In the records that follow, find the line containing "日当たりの良い6.4帖の洋室" and the line containing "O valor das", then transcribe both and every line between them exactly, omitting pictures.

··········

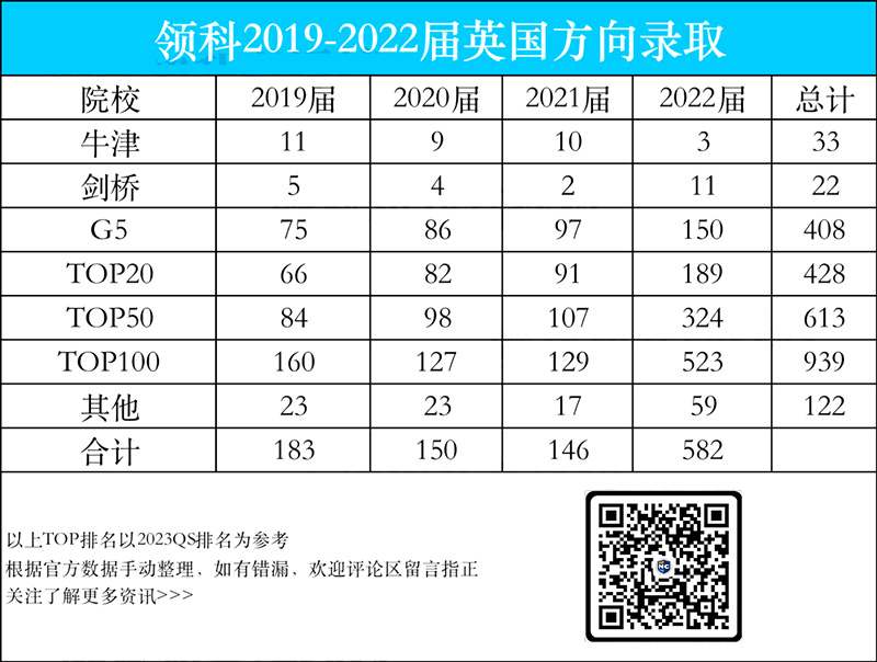领科近4年牛剑总offer数为55封,G5总数为408封。
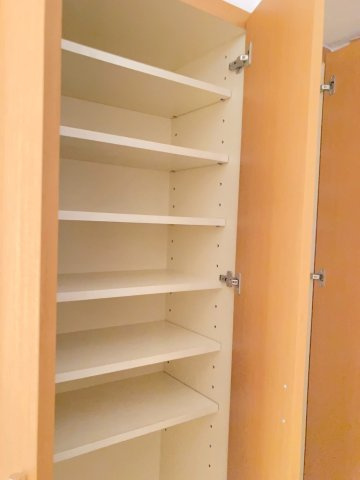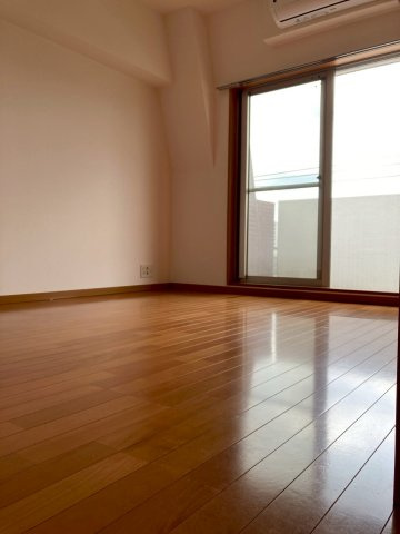 日当たりの良い6.4帖の洋室です。 大きいクローゼットと物入があり、収納力あり。
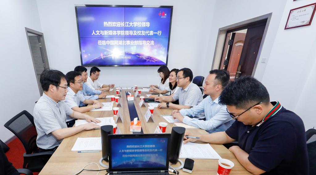5月23日上午,刘靖君一行与中国网湖北事业部主任严星等负责人座谈。双方签订了共建就业实习基地协议。刘靖君代表学校向对方颁授“bv1946伟德毕业生就业实习基地”。
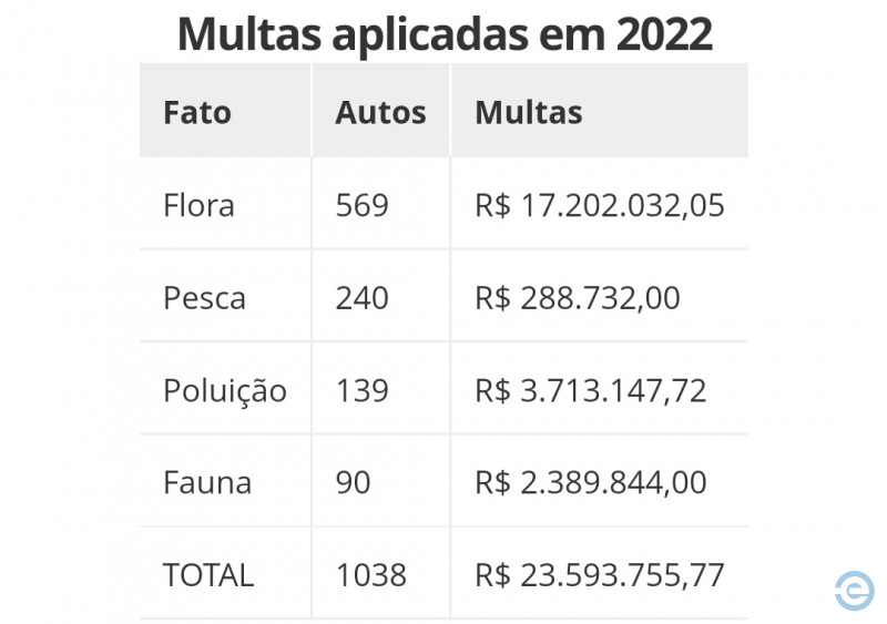O valor das multas aplicadas em 2022 foi inferior ao aplicado em 2021 (R$ 53,2 milhões). A PMA ressalta que o valor da multa depende do tipo de infração. “Por exemplo, no caso de poluição, as multas aplicadas podem ser de R$ 5 mil e chegar a R$ 50 milhões, dependendo do grau de danos causados e avaliados pelos policiais no momento da autuação”.
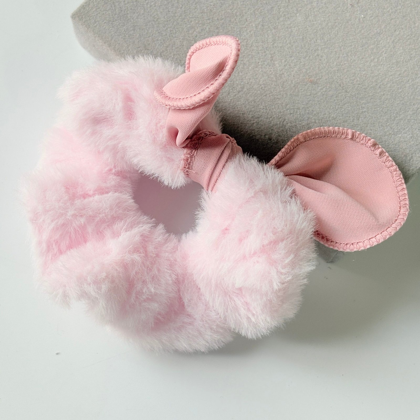 Sweet Pink Fuzzy Scrunchie with Bow Knot Ears – Soft Faux Fur Ponytail Holder

··········

> [FINISHED EXERCISE]:
 日当たりの良い6.4帖の洋室です。 大きいクローゼットと物入があり、収納力あり。
5月23日上午,刘靖君一行与中国网湖北事业部主任严星等负责人座谈。双方签订了共建就业实习基地协议。刘靖君代表学校向对方颁授“bv1946伟德毕业生就业实习基地”。
O valor das multas aplicadas em 2022 foi inferior ao aplicado em 2021 (R$ 53,2 milhões). A PMA ressalta que o valor da multa depende do tipo de infração. “Por exemplo, no caso de poluição, as multas aplicadas podem ser de R$ 5 mil e chegar a R$ 50 milhões, dependendo do grau de danos causados e avaliados pelos policiais no momento da autuação”.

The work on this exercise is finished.